В тот же день после полудня он вызвал к себе в кабинет доктора Эберта. Он смотрел на этого молодого специалиста, хауптштурмфюрера СС, талантливого экстрасенса, отмеченного наградами спортсмена, узколицего голубоглазого красавца с нежно-белой, как у всех радикально-рыжих, кожей и нитяным пробором в гладкой густой шевелюре, перекликающейся пламенной яркостью с алой нарукавной повязкой, — смотрел и видел своё отражение. Вернее, Штернберг сам чувствовал себя отражением Эберта, искажённым в надтреснутом зеркале. Он начал без предисловий:
— Я пришёл к выводу, что вам следует оставить преподавание. Ради вашего же благополучия. В течение ближайшей недели вы должны покинуть школу. Думаю, в ваших интересах сохранить вашу репутацию незапятнанной. Предоставляю вам такую возможность прежде чем по школе поползут опасные для вашей карьеры слухи, тем более что они будут иметь под собой веское основание…
Идеально выбритые щёки Эберта покрылись асимметричными пунцовыми пятнами. На картинах, выкраденных Штернбергом из памяти еврейской девушки, Эберт везде присутствовал с таким же лихорадочным румянцем на бледном лице — сначала когда давился сумбурным признанием, хватая перепуганную курсантку за руки, и когда вдруг ударил её, порывавшуюся убежать, и снова ударил, покорно замершую в углу, и затем когда разложил свою смирившуюся с судьбой ученицу на письменном столе поверх книг и бумаг в запертом и зашторенном кабинете и долго и самозабвенно дёргался с её ногами на своих плечах, а она корчилась от боли, но чувствовала себя счастливой: это была любовь.
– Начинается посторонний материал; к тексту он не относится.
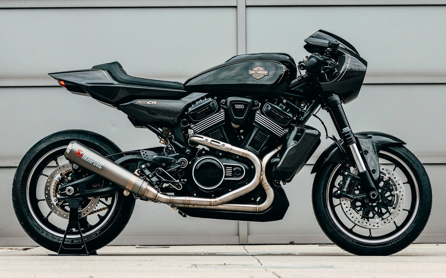 La RM es una abreviatura de Revolution Max, el nombre con el que se conoce al propulsor que la impulsa, mientras que el CR viene de Café Racer. La Harley-Davidson RMCR Concept esta impulsada por un V2 refrigerado por líquido de 1250 cc y más de 150 CV. Asimismo, en su diseño posee, aclarado por la propia marca, fuerte inspiración de la Harley-Davidson XLCR, motocicleta del mismo segmento lanzada en la década de los 70 y con influencia del mundo de las carreras.
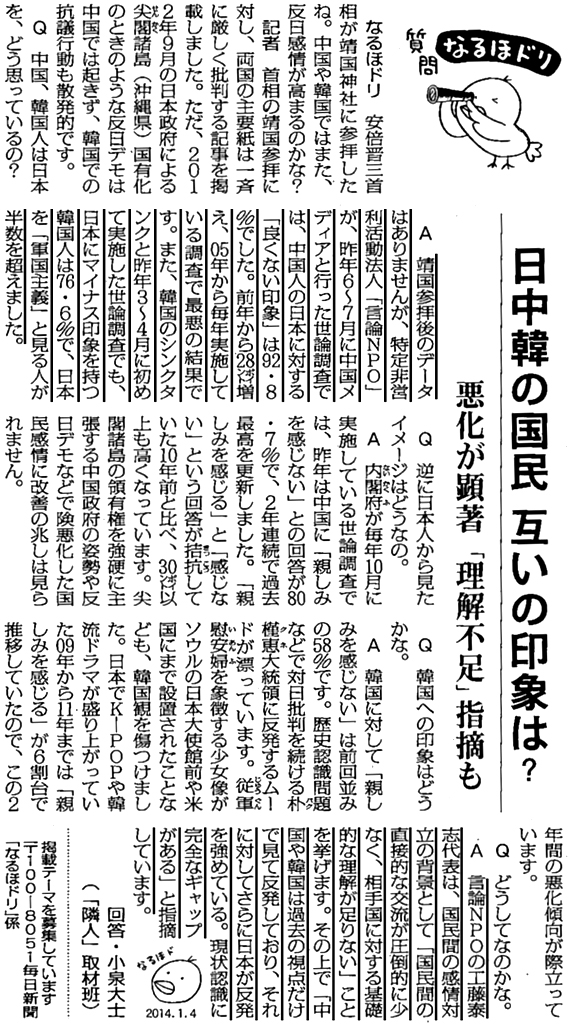 【毎日新聞】「なるほドリ」日中韓の国民印象は?悪化が顕著『理解不足』指摘も

— С Нюрнбергскими законами, знаете ли, шутить не следует, — холодно заметил Штернберг. — Пока, на ваше счастье, для того чтобы состряпать дело, нет свидетелей, а моя информация без них, сами знаете, недействительна. Но кто знает, что будет дальше: однажды вы уже, кажется, попались… Просто уезжайте, и всё, и о вашей досадной слабости, даю слово, никто не узнает.
Эберт кивнул, щёлкнул каблуками и очень сухо попросил разрешения идти.
Штернберг позволил себе думать, что проблема улажена, — но серьёзно заблуждался.
Через день курсантка Юдит выбросилась из окна четвёртого этажа на брусчатку глухого тёмного дворика за учебным корпусом, где её поломанное тело обнаружили часовые. Штатный медик школы «Цет», меланхоличный толстяк в накинутом поверх эсэсовской формы несвежем условно-белом халате, расправил на тусклом металлическом столе освобождённый от одежды сизовато-белый, как ощипанная птица, узенький труп и долго колдовал над ним, наклоняясь и что-то высматривая, чем-то клацая, а затем подозвал вдумчиво водившего руками над курсантским платьицем Штернберга — совершенно серого, всего какого-то скособоченного. Его голос, напротив, был ровен, как лезвие ножа.
— Это не самоубийство. В последние минуты жизни она была очень счастлива.
— Счастлива? Возможно, — медик уныло хмыкнул. — Перед гибелью имело место безудержное половое сношение. Её кавалер знатно постарался. Видите, синяки на бёдрах и здесь — это от пальчиков…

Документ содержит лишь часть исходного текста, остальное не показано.